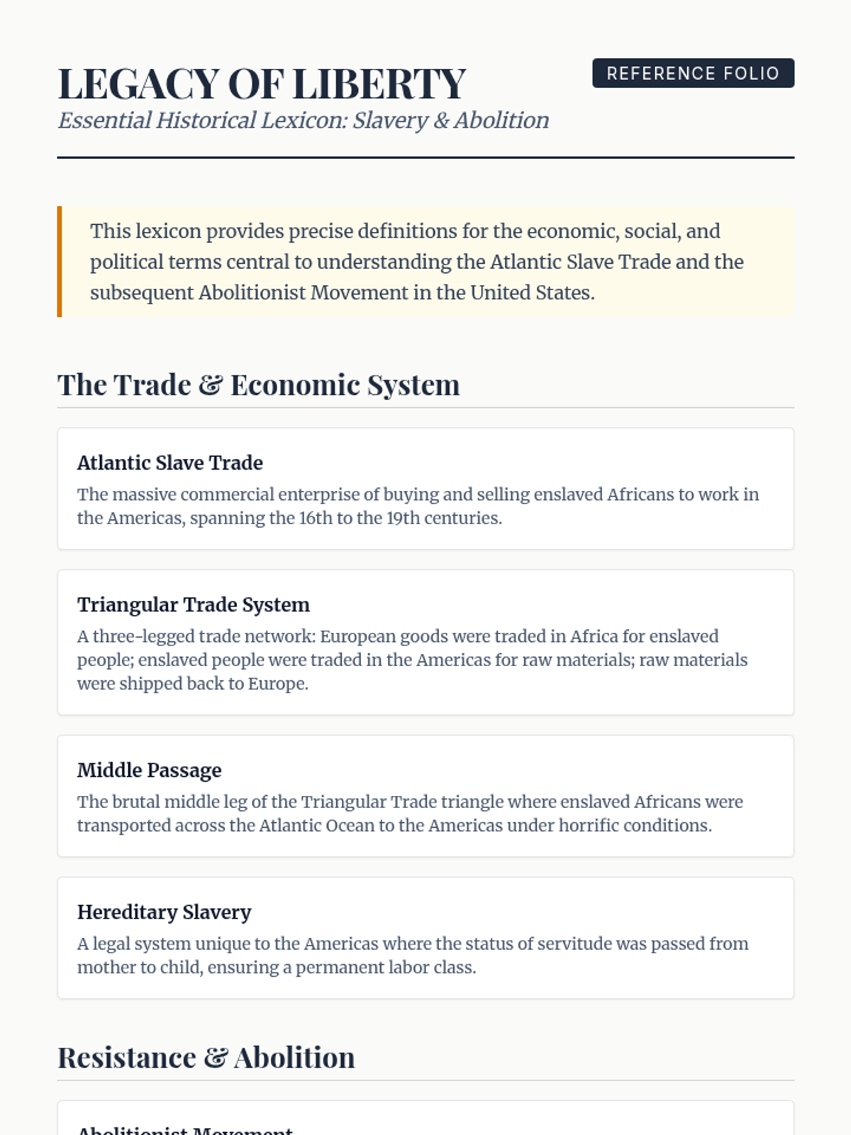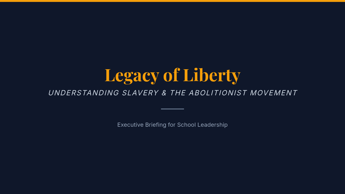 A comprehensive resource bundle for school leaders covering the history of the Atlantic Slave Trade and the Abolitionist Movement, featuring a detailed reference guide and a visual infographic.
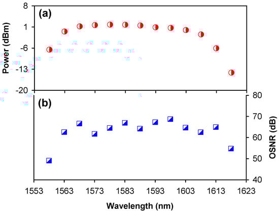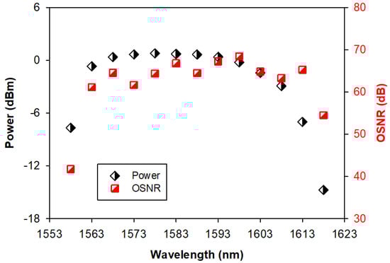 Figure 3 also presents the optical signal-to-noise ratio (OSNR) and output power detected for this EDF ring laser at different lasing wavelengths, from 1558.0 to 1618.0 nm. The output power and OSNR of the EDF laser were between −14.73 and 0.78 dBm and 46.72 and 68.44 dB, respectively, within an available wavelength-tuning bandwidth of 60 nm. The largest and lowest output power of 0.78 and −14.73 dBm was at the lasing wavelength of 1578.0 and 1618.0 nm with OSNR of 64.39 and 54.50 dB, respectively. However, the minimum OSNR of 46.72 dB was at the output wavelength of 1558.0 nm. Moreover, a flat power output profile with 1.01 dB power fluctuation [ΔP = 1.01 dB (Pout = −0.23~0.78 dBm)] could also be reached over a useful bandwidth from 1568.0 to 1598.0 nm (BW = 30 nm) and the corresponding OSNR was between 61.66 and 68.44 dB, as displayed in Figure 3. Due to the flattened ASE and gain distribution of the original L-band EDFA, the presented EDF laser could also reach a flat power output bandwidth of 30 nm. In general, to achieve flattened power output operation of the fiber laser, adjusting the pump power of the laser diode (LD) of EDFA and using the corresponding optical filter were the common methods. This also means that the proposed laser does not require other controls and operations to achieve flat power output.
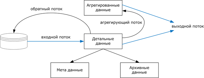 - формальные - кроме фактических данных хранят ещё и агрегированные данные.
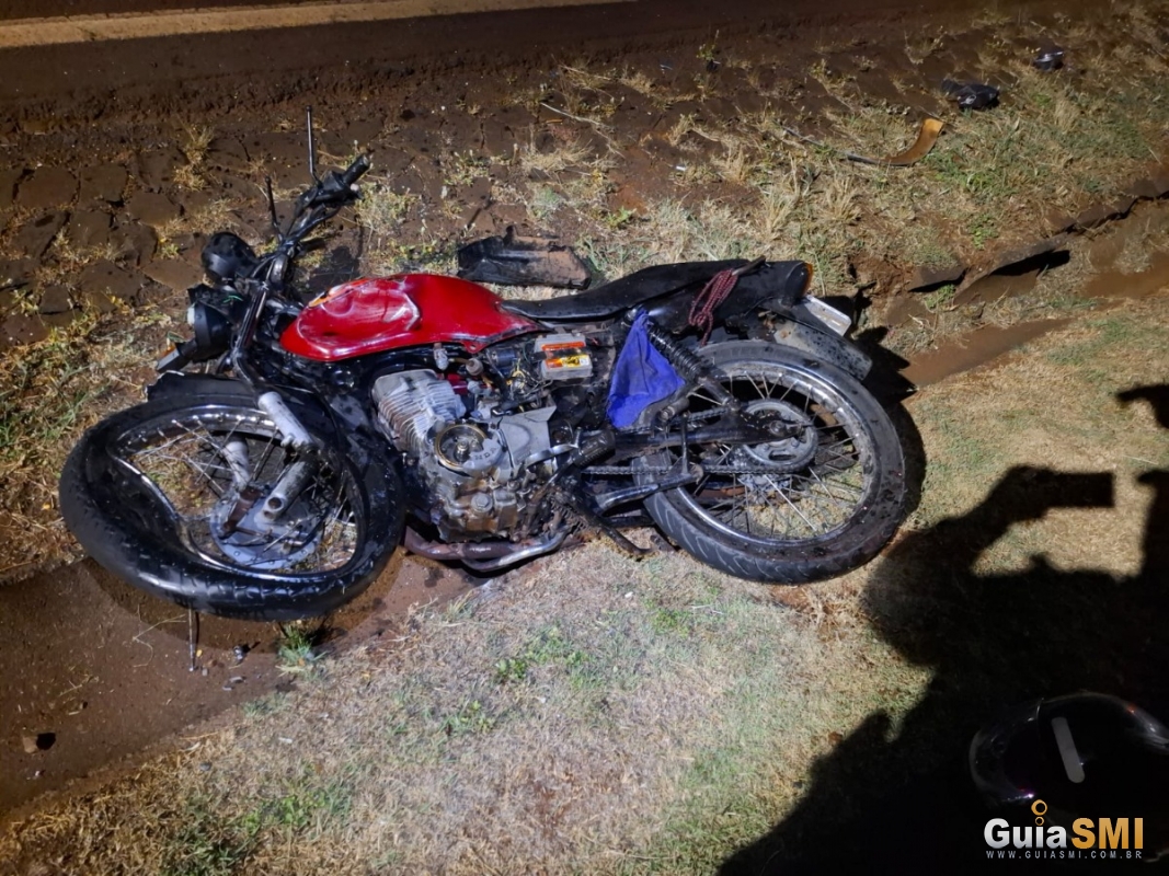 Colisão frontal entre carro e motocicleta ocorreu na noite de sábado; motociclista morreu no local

● **Your instructions**: The listing above must be printed again exactly, minus its pictures.

● **Task response**:
 A comprehensive resource bundle for school leaders covering the history of the Atlantic Slave Trade and the Abolitionist Movement, featuring a detailed reference guide and a visual infographic.
 Figure 3 also presents the optical signal-to-noise ratio (OSNR) and output power detected for this EDF ring laser at different lasing wavelengths, from 1558.0 to 1618.0 nm. The output power and OSNR of the EDF laser were between −14.73 and 0.78 dBm and 46.72 and 68.44 dB, respectively, within an available wavelength-tuning bandwidth of 60 nm. The largest and lowest output power of 0.78 and −14.73 dBm was at the lasing wavelength of 1578.0 and 1618.0 nm with OSNR of 64.39 and 54.50 dB, respectively. However, the minimum OSNR of 46.72 dB was at the output wavelength of 1558.0 nm. Moreover, a flat power output profile with 1.01 dB power fluctuation [ΔP = 1.01 dB (Pout = −0.23~0.78 dBm)] could also be reached over a useful bandwidth from 1568.0 to 1598.0 nm (BW = 30 nm) and the corresponding OSNR was between 61.66 and 68.44 dB, as displayed in Figure 3. Due to the flattened ASE and gain distribution of the original L-band EDFA, the presented EDF laser could also reach a flat power output bandwidth of 30 nm. In general, to achieve flattened power output operation of the fiber laser, adjusting the pump power of the laser diode (LD) of EDFA and using the corresponding optical filter were the common methods. This also means that the proposed laser does not require other controls and operations to achieve flat power output.
 - формальные - кроме фактических данных хранят ещё и агрегированные данные.
 Colisão frontal entre carro e motocicleta ocorreu na noite de sábado; motociclista morreu no local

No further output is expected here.